However… what is the reason for the slowness? As usual, the answer is to profile, profile & profile. In fact, we want to do profiling on multiple machines, to check that we don’t have a machine bias.
At any rate, as you can see, we are actually pretty close to Esent in random writes, but why are we so much slower than our performance during sequential writes?
Well, we actually covered that, actually. The major reason for the cost is actually the fact that we have to deal with very different B-Tree shapes. You can see the difference between sequential and randomly inserted trees here. The more random you are, the bigger your tree is, the more pages you have to touch whenever you update. Our scenario calls for making 100 random modification in every transaction. That means that on every transaction, we have to touch many different parts of the tree.
Here are the results (in pages) for how much it cost us (in this test, we run 5,000 transactions of 100 items each.
| Sequential | Random | |
| Average | 7.06 | 111.37 |
| Max | 11.00 | 134.00 |
| Total | 35,320.00 | 556,973.00 |
| Std Dev | 0.35 | 7.09 |
In other words, this means that on average, a sequential transaction wrote 7 pages, or about 28Kb. While the average random transaction wrote about 450Kb!
While the total size written for sequential was 137MB, and allocate 319MB. However, random sizes wrote 2.1 GB for 2.3 GB that were allocated. And that explains quite a lot about the whole thing. (Note that we count for writes only the journal writes, not the data writes, because those are the limiting factor for write performance).
Esent, by the way, writes sequentially about 465 MB and 2.3GB for random writes. Now we know why we are pretty close, because the vast majority of the time is actually spent just writing to the disk, and we are stalled by the sheer amount of data we have.
Interestingly enough, I don’t think that there is a good way to handle that nicely. Certainly not with a B-Tree. We’ll see how we can work with that at a future post.
Comments
When you say sequencial writes, it's about the keys? But sequential keys are wroten sequentially in disk?

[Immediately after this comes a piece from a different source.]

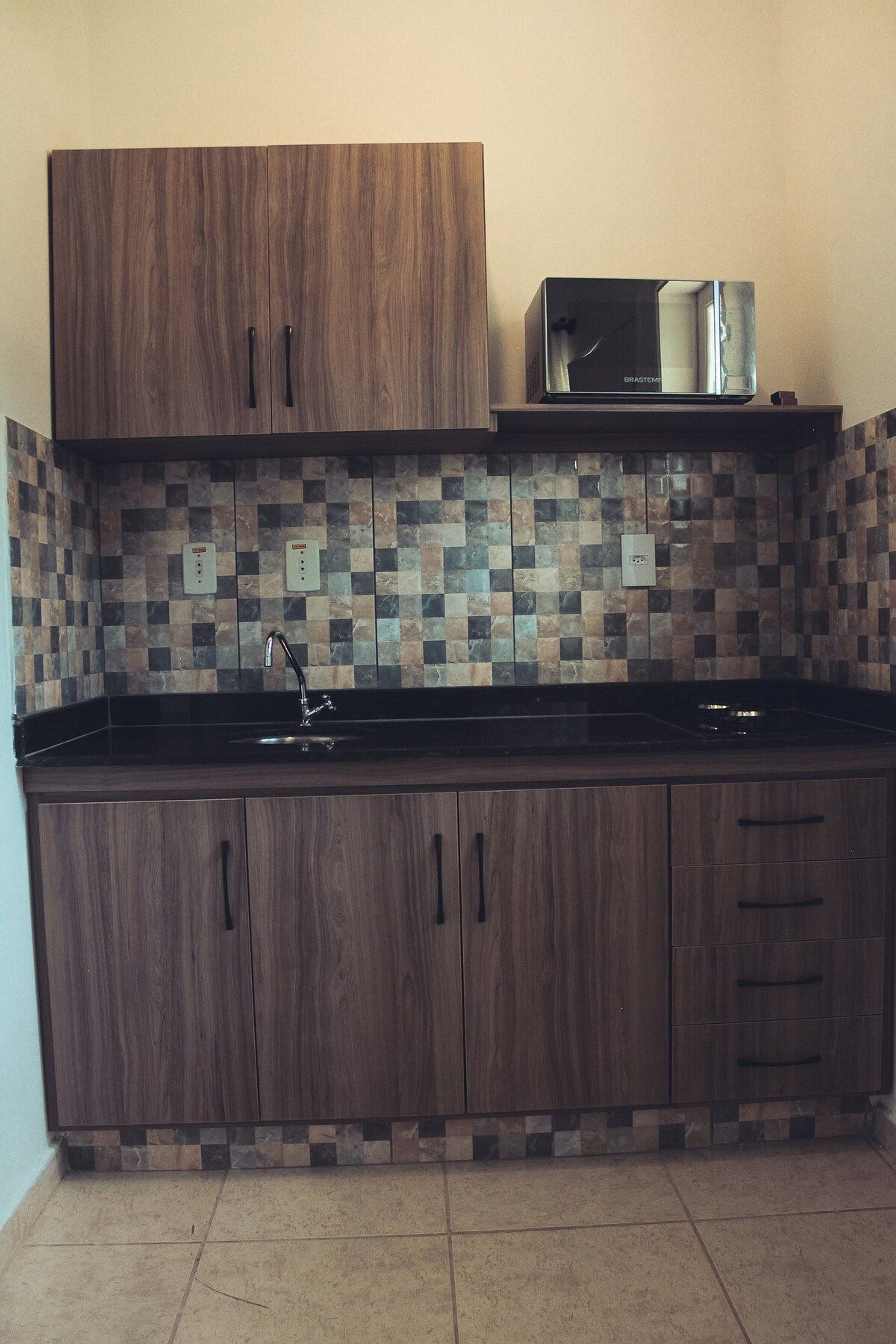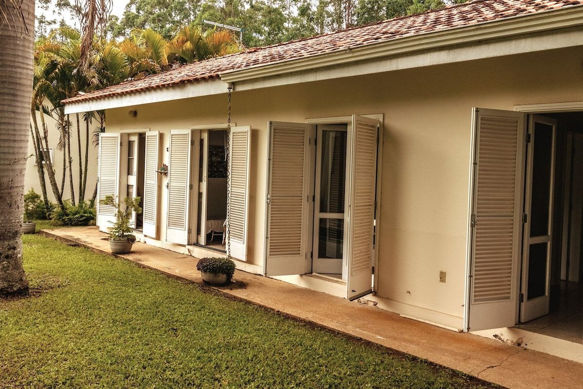Excelente estrutura de hospedagem, com suítes confortáveis e bem equipadas, espaços para descanso e lazer, além de sala de Coworking com sinal estável de internet, tudo isso em meio ao verde exuberante da natureza. Roupas de cama, banho e utensílios de cozinha disponíveis.

Fujiy, We are using a B+Tree structure. The pattern of inserts into the B+Tree is very important. See the link in the post for demonstrating the difference.
For fast inserts, people these days are generally going with a log-structured merge tree, cache-oblivious lookahead array, or something of that sort. B-trees tend to fall over and die on random inserts, while LSMs and COLAs just chug away like nothing's different.
Chris, Those become a lot harder when you are dealing with persistent data. In particular, LSM usually need to do the merging at some point, and that cause write amplification. I've been able to find a persisted COLA impl to look at, though. Do you know of any?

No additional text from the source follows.